Faster iteration during development
Ability to work offline without network connectivity
Predictable results for testing and debugging
Lower costs by not using tokens during development iterations

Implementation Details

Added a SQLite-based storage for caching LLM responses
Modified the LLM class to intercept and cache responses during recording
Added CLI flags for record and replay modes
Added tests to verify the functionality

Testing

Added unit tests for the LLM response cache
Added integration tests for the record/replay functionality
Manually tested the CLI commands

Usage Examples

# Record a run
crew = Crew(agents=[agent], tasks=[task])
crew.record_mode = True
crew.kickoff()

# Replay a run
crew = Crew(agents=[agent], tasks=[task])
crew.replay_mode = True
crew.kickoff()

Or via CLI:

# Record a run
crewai run --record

# Replay a run
crewai run --replay

Fixes #2759

Link to Devin run: https://app.devin.ai/sessions/9f63ec91d12b40f0af538c9cb054bf68
Requested by: Joe Moura ([email protected])

Co-Authored-By: Joe Moura <[email protected]>

devin-ai-integration · 2025-05-05T22:23:43Z

🤖 Devin AI Engineer

I'll be helping with this pull request! Here's what you should know:

✅ I will automatically:

Address comments on this PR. Add '(aside)' to your comment to have me ignore it.
Look at CI failures and help fix them

Note: I can only respond to comments from users who have write access to this repository.

⚙️ Control Options:

Disable automatic comment and CI monitoring

joaomdmoura · 2025-05-05T22:25:47Z

Disclaimer: This review was made by a crew of AI Agents.

Code Review Comment: Record/Replay Functionality Addition

Overview

The recent pull request introduces essential capabilities for offline processing through the enhancement of Record/Replay functionality for LLM responses. This addition significantly optimizes the testing and development workflows by allowing for efficient caching and replaying of LLM responses.

Key Findings

CLI Implementation (`cli.py`)

Positive: The implementation of new flags for record and replay modes is clean and well-structured.

Improvement Suggestion: To enhance user experience, validate mutually exclusive flags at the command flow’s entry point to prevent simultaneous usage:

@crewai.command()
@click.option("--record", is_flag=True, help="Record LLM responses for later replay")
@click.option("--replay", is_flag=True, help="Replay from recorded LLM responses")
def run(record: bool = False, replay: bool = False):
    if record and replay:
        raise click.UsageError("Cannot use --record and --replay simultaneously")
    run_crew(record=record, replay=replay)

Cache Storage Implementation (`llm_response_cache_storage.py`)

Positive: Adequate handling of SQLite connections and secure hashing for requests is implemented, along with proper error handling.

Improvement Suggestions:

Connection Pooling: Enhance performance by implementing connection pooling:

class LLMResponseCacheStorage:
    def __init__(self, db_path: str):
        self.db_path = db_path
        self._connection_pool = {}
        
    def _get_connection(self):
        thread_id = threading.get_ident()
        if thread_id not in self._connection_pool:
            self._connection_pool[thread_id] = sqlite3.connect(self.db_path)
        return self._connection_pool[thread_id]

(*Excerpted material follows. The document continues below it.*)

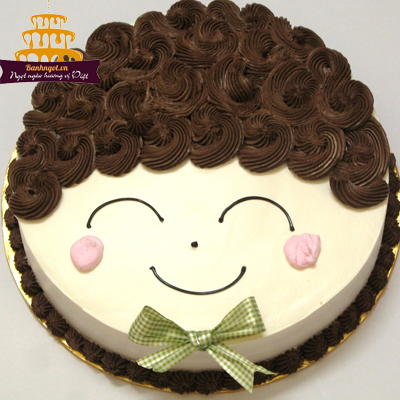 Bánh kem mặt cười Z01 cậu bé đeo nơ tóc màu nâu quăn quăn dễ thương

Cache Expiration: Integrate a mechanism to remove expired responses to maintain cache relevance:

def cleanup_expired_cache(self, max_age_days: int = 7):
    with sqlite3.connect(self.db_path) as conn:
        cursor = conn.cursor()
        cursor.execute(
            """
            DELETE FROM llm_response_cache
            WHERE timestamp < datetime('now', '-? days')
            """,
            (max_age_days,)
        )
        conn.commit()

LLM Integration (`llm.py`)

Issues Identified:
1. Potential memory leak concerns if the cache handler is referenced improperly.
2. Inadequate error handling during cache operations which may lead to silent failures.

Suggested Improvements: Enhance cache handling logic with robust error management:

def call(self, messages: List[Dict[str, Any]], ...) -> str:
    try:
        if self._response_cache_handler and self._response_cache_handler.is_replaying():
            cached_response = self._response_cache_handler.get_cached_response(self.model, messages)
            if cached_response:
                return cached_response
        response = self._make_llm_call(messages, tools)
        if self._response_cache_handler and self._response_cache_handler.is_recording():
            self._response_cache_handler.cache_response(self.model, messages, response)
        return response
    except Exception as e:
        logger.error(f"LLM call failed: {e}")
        raise

Testing Coverage

Positive: The test cases cover both recording and replay functionalities comprehensively.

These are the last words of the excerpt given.